Night Sweats With Depression: The Antidepressant Link

When night sweats accompany depression, the most common and overlooked cause is the medication treating it. Antidepressant sweats are common and manageable, but thyroid and red flags still need ruling out.

Night Sweats With Depression: The Antidepressant Link

Why It Happens With Depression

When night sweats occur alongside depression, the highest-yield explanation is often the treatment, not the mood disorder itself, with a few other contributors worth knowing.

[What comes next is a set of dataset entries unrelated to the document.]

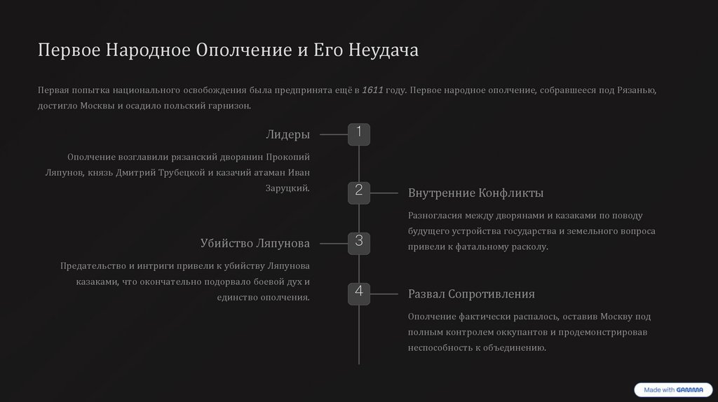 Первое Народное Ополчение и Его НеудачаПервая попытка национального освобождения была предпринята ещё в 1611 году. Первое народное ополчение, собравшееся под Рязанью,
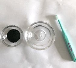 猫用の歯磨きサプリメント「クロロバイトパウダーサプリメント」を使って歯磨きをするべく、テーブルの上にセッティング。 左から、クロロバイトパウダーサプリメント、お水、360°歯ブラシシグワン。
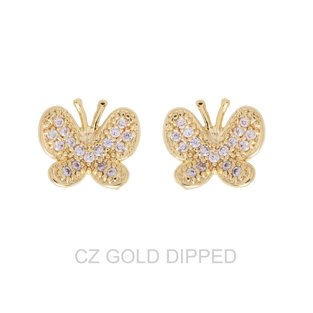 GOLD DIPPED CUBIC ZIRCONIA PAVE BUTTERFLY STUD EARRINGS
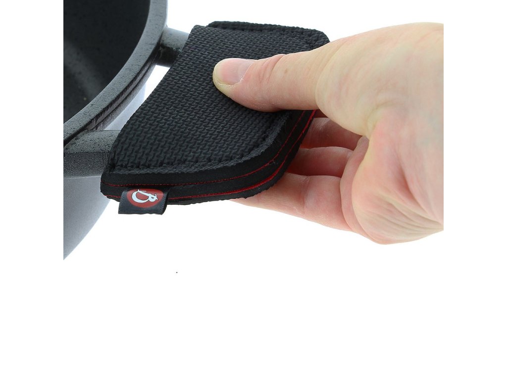- een praktische oplossing voor iedereen die gietijzeren, koperen of stalen pannen zonder thermisch geĂŻsoleerde handgrepen gebruikt
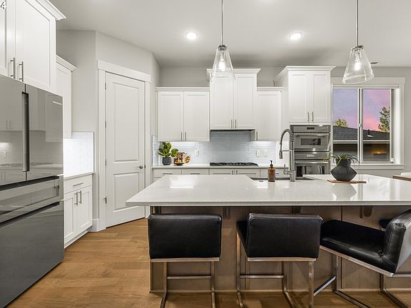 Incredibly rare in Happy Valley, the impeccable one-story is 100% spot on with the latest in upscale style and design. Just how difficult is it to find a Unicorn like this one? Only 15 single level homes, built in the last decade, have been resold under 1 million in all of Happy Valley. It doesn't even stop there though. This home is the definition of excellence in every way. The impressively turn-key stunner has over 100k in upgraded finishes which are noticeable throughout. Fall in love with the highly desirable floorplan, custom blinds, engineered hardwood floors, quartz countertops throughout, wood wrapped windows, 10 ft ceilings, and tile floored bathrooms and laundry room. The gourmet kitchen offers luxurious Thermador appliances, Bosch refrigerator, upgraded lighting, wine drawer, large island, and under cabinet lighting. Hard to find in one-level newer construction, the stunning primary suite completely delivers with a huge walk-in closet, beautifully tiled tub, and spacious walk-in shower with glass surround. The easy to maintain composite deck and fully landscaped backyard affords you the ability to make the most of your time enjoying gorgeous PNW views. The prime location is in North Clackamas School District and is just minutes from grocery stores, dining, coffee shops, and more. It's clear that you have waited long enough...and this one is a can't miss!

  • Antidepressant night sweats. SSRIs and SNRIs are a well-recognised and common cause of night sweats; venlafaxine and bupropion are particularly noted. Onset typically tracks starting or increasing the medication. This is the single most useful thing to check and is frequently missed.

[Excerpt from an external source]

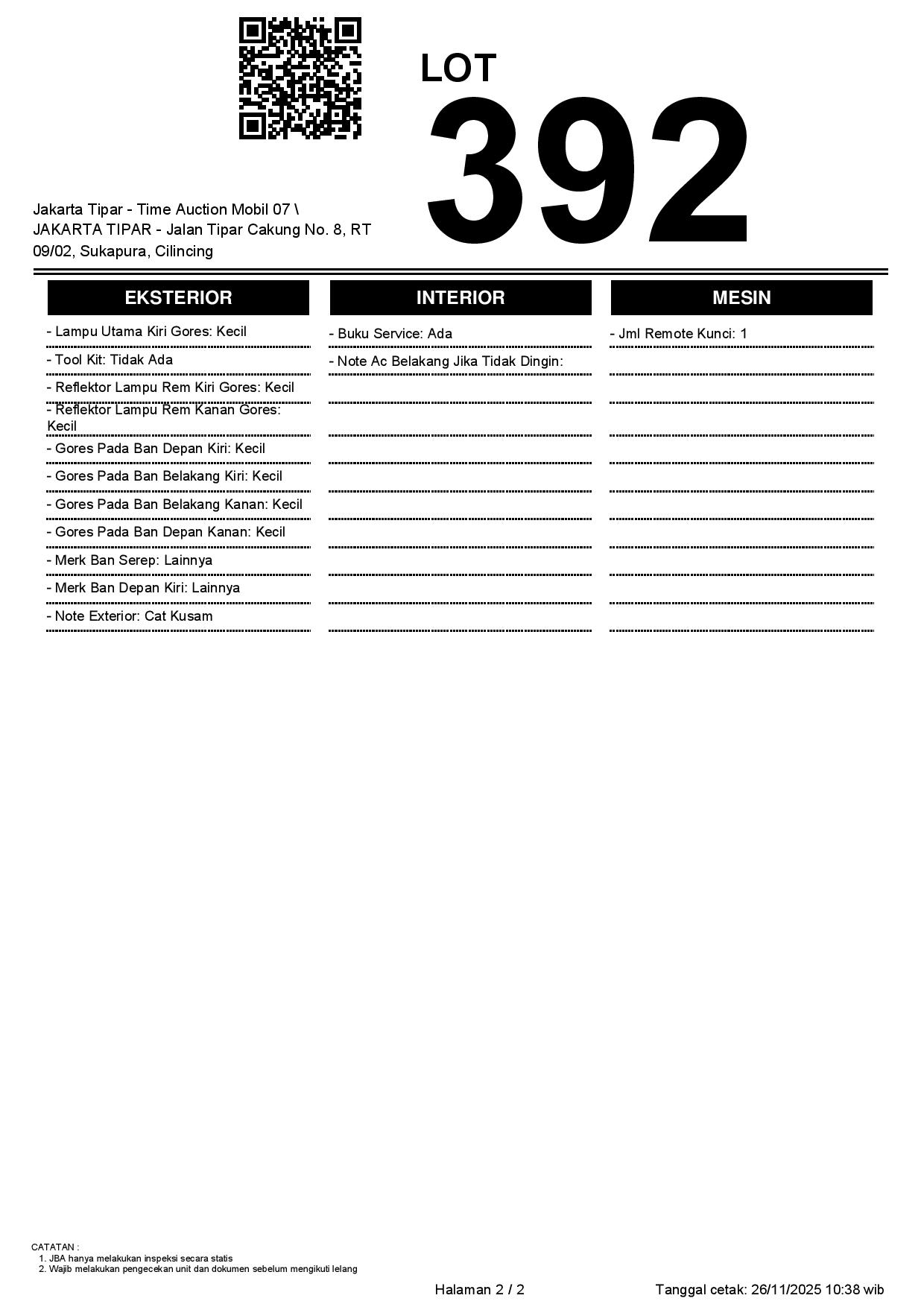 - Kondisi objek lelang dilelang apa adanya, baik kondisi fisik, mesin maupun legalitas kendaraan. Jika terdapat kekurangan/cacat baik yang terlihat maupun yang tidak terlihat, maka semua akan menjadi tanggung jawab/risiko Pemenang Lelang. Oleh karena itu, Pemenang Lelang melepaskan segala hak untuk menuntut dan/atau meminta ganti rugi atas hal tersebut kepada JBA.

  • Anxiety and disrupted sleep. Depression commonly coexists with anxiety and fragmented sleep, both of which raise nocturnal adrenaline and sweating independent of medication.

  • Cortisol and HPA-axis changes. Depression is associated with altered cortisol regulation, which can contribute to night sweating.

  • Thyroid dysfunction. Hypothyroidism mimics depression and hyperthyroidism causes sweating; thyroid is a treatable cause worth excluding in anyone presenting with both.

  • The red flag still applies. Depression and its treatment are a comfortable explanation, but drenching night sweats with weight loss, persistent fever, or swollen glands needs a workup regardless of the mood diagnosis.

What Makes Night Sweats With Depression Different

The distinguishing question is the medication timeline. If night sweats began or worsened within weeks of starting or adjusting an antidepressant, the drug is the likely cause and there are practical options. If sweats predate treatment, or come with systemic symptoms, the cause is elsewhere. The trap is attributing sweats to “just depression” and missing both the treatable medication effect and the occasional red flag.

How to Manage

  • Map sweats against the medication timeline. Onset after starting or increasing an SSRI or SNRI strongly implicates the drug; discuss timing, dose, switching, or adjunctive options with the prescriber. Do not stop antidepressants abruptly on your own.

  • Address coexisting anxiety and sleep. Treating the anxiety and sleep disruption reduces the non-medication component.

  • Exclude thyroid once. It mimics depression and causes sweating; a single TSH is high-yield.

  • Use standard cooling measures. A cool room and lighter bedding reduce the burden while the cause is sorted.

  • Escalate the red-flag cluster. Drenching sweats with weight loss, persistent fever, or swollen lymph nodes warrants a medical workup independent of the depression.